The History of the Wood Sculpture Symposium
The idea of the sculpture symposium movement was initiated by Karl Prantl in Austria in 1959 and was quickly embraced by East European artists working in isolation behind the “Iron Curtain” of the post-World War II period.
This group of artists, eager to discover art movements in the Western World, staged a number of international symposiums. However, their ideas did not fit the ideology of the communist dictatorship of the time, which enforced the condition that only Eastern Bloc countries could send sculptors to attend.
Since the fall of the Iron Curtain and the end of the Cold War in 1991, symposiums have become very popular cultural events in many European towns, especially in Eastern Europe. This is largely because the public can watch the progress of artists at work in an “open” studio situation, and can engage in dialogue with the artists.

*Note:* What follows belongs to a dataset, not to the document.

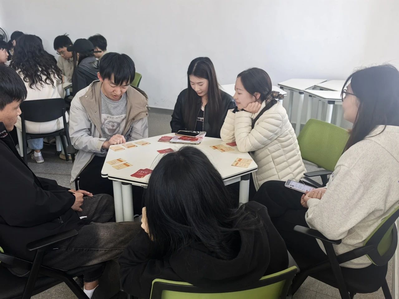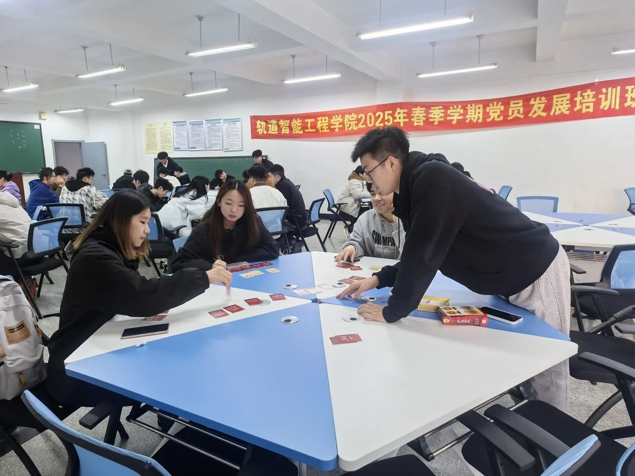 在志愿者的精心引导下,紧张刺激的桌游环节有序展开。多个重要历史事件的画面在学员们的脑海中渐渐清晰,一条伟大的历史长河随着游戏的进程缓缓铺开在学员面前。游戏内容丰富多彩,充分考验了学员们对百年党史的掌握程度。

Over the past 20 years, 19 symposiums have taken place, with more than 285 participants from 54 countries demonstrating their huge diversity of techniques and styles. Currently, one of the most popular symposiums is held in Kemijarvi, Finland.

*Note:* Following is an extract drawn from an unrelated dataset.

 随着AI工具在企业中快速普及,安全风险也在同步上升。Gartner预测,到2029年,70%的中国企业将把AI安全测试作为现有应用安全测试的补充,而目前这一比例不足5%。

Sculpture symposiums in Australia are a much newer tradition, with the first one being held near Gosford in 1986, followed by Tanunda in the Barossa Valley in 1988, and the Living Desert Symposium in Broken Hill in 1993. The most successful Australian event is the Adelaide Hills International Sculpture Symposium, held biennially at the estate of iconic Australian artist Hans Heysen, which attracts over 12,000 visitors.